ALVISO, Calif. – Feb. 1, 2005 – TiVo Inc. (NASDAQ: TIVO), the creator of and a leader in television services for digital video recorders (DVRs), announced today that Marty Yudkovitz has resigned as president of the company. He will remain with TiVo in a consulting capacity on certain continuing matters for a period of time. Marty has been president of the company since May of 2003.

 

“When I joined TiVo I planned to move my family to California, but as the demands of my role grew, the need to spend even more time on both coasts grew as well, requiring a heavy commute no matter where I lived,” Yudkovitz said. “I’ve chosen instead to find the most logical time to resign as president and re-acquaint myself with my wife and kids.”

 

“I’m sorry to see Marty leave TiVo,” stated Mike Ramsay, chairman and CEO of TiVo. “Marty has achieved a tremendous amount in his time with the company, particularly with the television and advertising industries. Given how far we’ve come, we agreed that now seemed a good time if Marty wanted to transition out of his full-time role as president.”

 

Yudkovitz’s resignation was effective Monday, January 31, 2005.

 

About TiVo Inc.

 

Founded in 1997, TiVo (NASDAQ: TIVO), a pioneer in home entertainment, created a brand new category of products with the development of the first digital video recorder (DVR).

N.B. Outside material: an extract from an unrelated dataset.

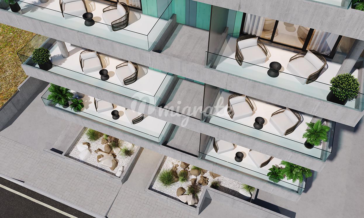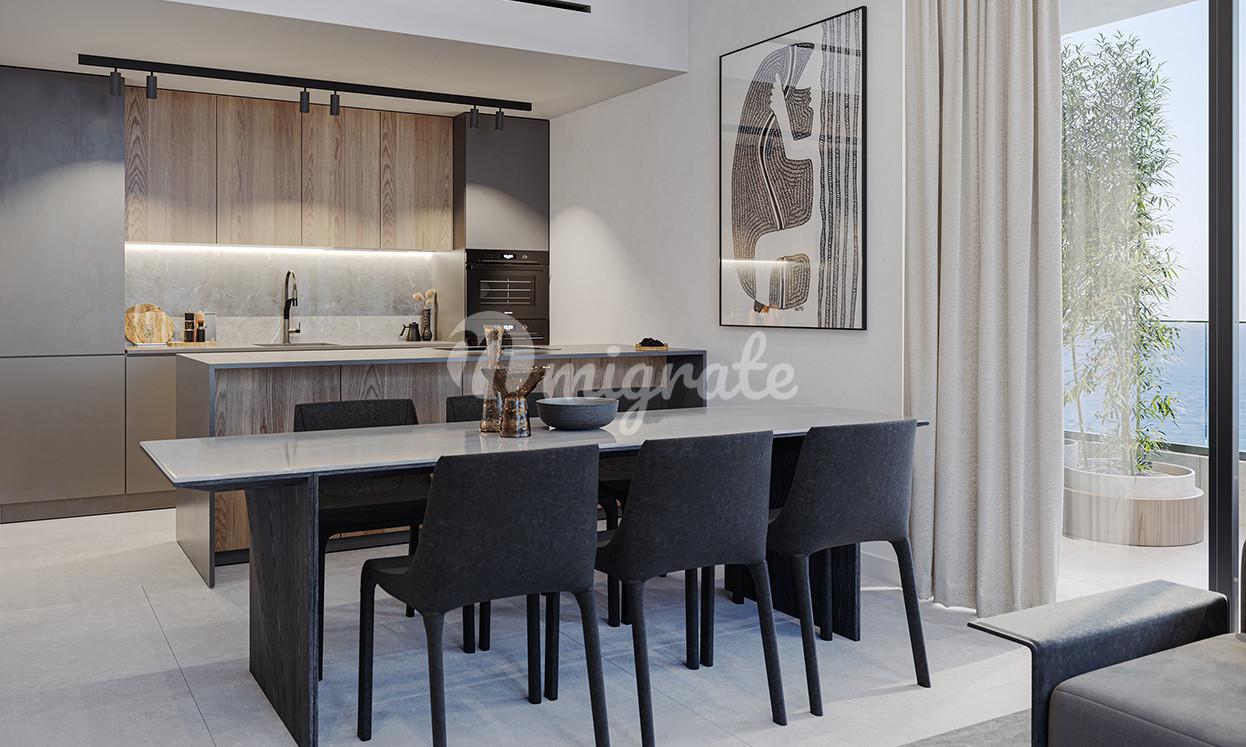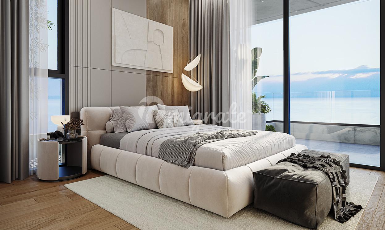 Окна во всю стену пропускают много солнечного света и открывают вид на море, а архитектурный дизайн обеспечивает уединение. Интерьер апартаментов тщательно продуман, чтобы каждый квадратный метр был использован с пользой для владельца. Роскошные апартаменты отделаны роскошными материалами, такими как мрамор и гранит.

Today, the company continues to revolutionize the way consumers watch and access home entertainment by making TiVo the focal point of the digital living room, a center for sharing and experiencing television, music, photos and other content. TiVo connects consumers to the digital entertainment they want, where and when they want it. The company is based in Alviso, Calif.

 

This release contains certain forward-looking statements within the meaning of the Private Securities Litigation Reform Act of 1995. These statements relate to, among other things, TiVo’s business, services, business development, strategy, customers or other factors that may affect future earnings or financial results. Forward-looking statements generally can be identified by the use of forward-looking terminology such as, “believe,” “expect,” “may,” “will,” “intend,” “estimate,” “continue,” or similar expressions or the negative of those terms or expressions. Such statements involve risks and uncertainties, which could cause actual results to vary materially from those expressed in or indicated by the forward-looking statements. Factors that may cause actual results to differ materially include delays in development, competitive service offerings and lack of market acceptance, as well as the “Factors That May Affect Future Operating Results.” More information on potential factors that could affect the Company’s financial results is included from time to time in the Company’s public reports filed with the Securities and Exchange Commission, including the Company’s Annual Report on Form 10-K for the fiscal year ended January 31, 2004, and the Quarterly Reports on Form 10Q for the period(s) ended April 30, 2004, July 31, 2004, October 31, 2004, filed with the Securities and Exchange Commission. We caution you not to place undue reliance on forward-looking statements, which reflect an analysis only and speak only as of the date hereof. TiVo disclaims any obligation to update these forward-looking statements.